→ Work request: Find the line with "Delicately crafted with" in the entries below, then output every line from it down to the line with "Retrouvez gratuitement la", exactly and with no pictures.

━━ Information shown ━━

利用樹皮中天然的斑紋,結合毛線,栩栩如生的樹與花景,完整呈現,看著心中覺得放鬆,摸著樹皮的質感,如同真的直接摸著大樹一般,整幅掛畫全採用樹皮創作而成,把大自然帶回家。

━━━
━━ Information shown ━━

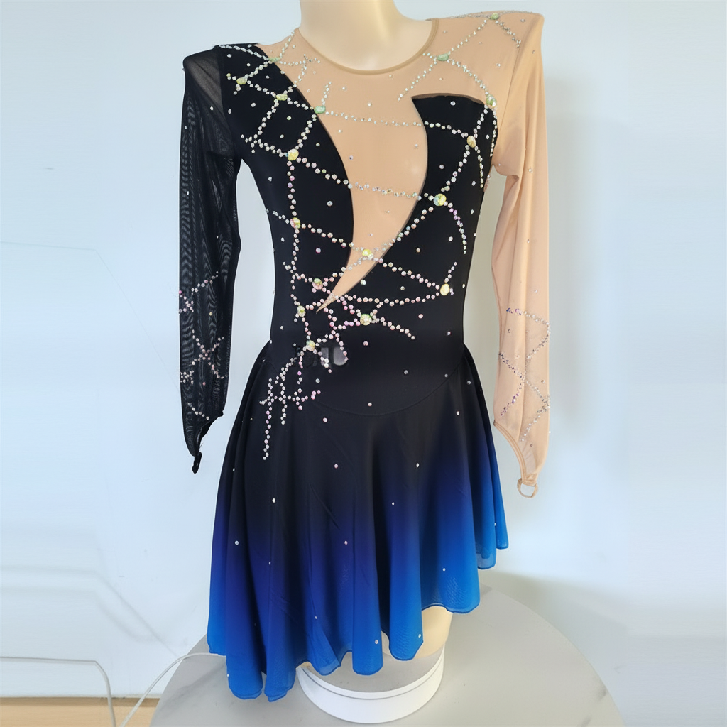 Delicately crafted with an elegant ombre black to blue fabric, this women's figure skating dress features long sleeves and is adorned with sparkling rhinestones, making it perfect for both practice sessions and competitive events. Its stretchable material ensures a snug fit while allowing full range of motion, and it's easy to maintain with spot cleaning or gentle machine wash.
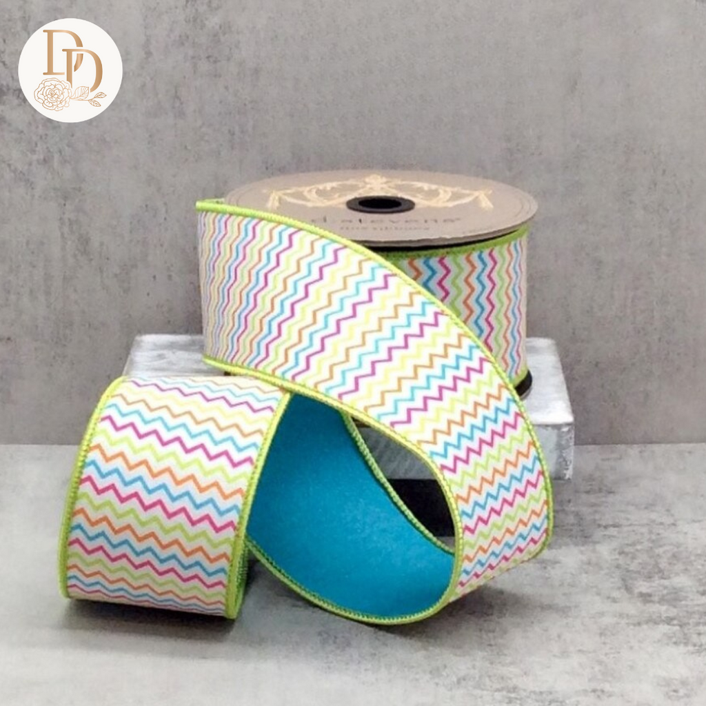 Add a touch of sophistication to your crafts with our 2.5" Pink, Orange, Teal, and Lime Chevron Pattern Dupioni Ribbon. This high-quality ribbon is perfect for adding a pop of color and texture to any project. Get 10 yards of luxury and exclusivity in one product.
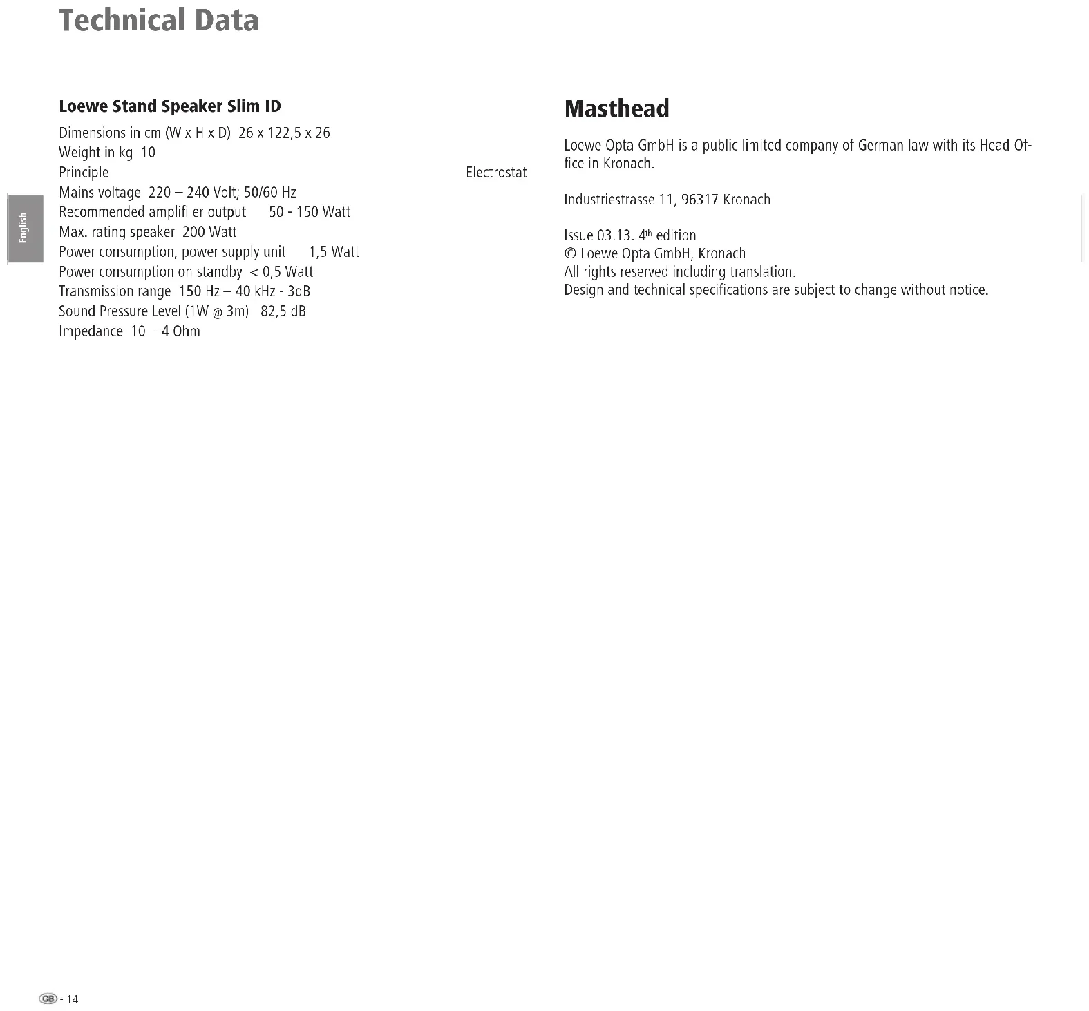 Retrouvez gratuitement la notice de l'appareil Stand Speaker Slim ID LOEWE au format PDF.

━━━

→ Output for this task:
 Delicately crafted with an elegant ombre black to blue fabric, this women's figure skating dress features long sleeves and is adorned with sparkling rhinestones, making it perfect for both practice sessions and competitive events. Its stretchable material ensures a snug fit while allowing full range of motion, and it's easy to maintain with spot cleaning or gentle machine wash.
 Add a touch of sophistication to your crafts with our 2.5" Pink, Orange, Teal, and Lime Chevron Pattern Dupioni Ribbon. This high-quality ribbon is perfect for adding a pop of color and texture to any project. Get 10 yards of luxury and exclusivity in one product.
 Retrouvez gratuitement la notice de l'appareil Stand Speaker Slim ID LOEWE au format PDF.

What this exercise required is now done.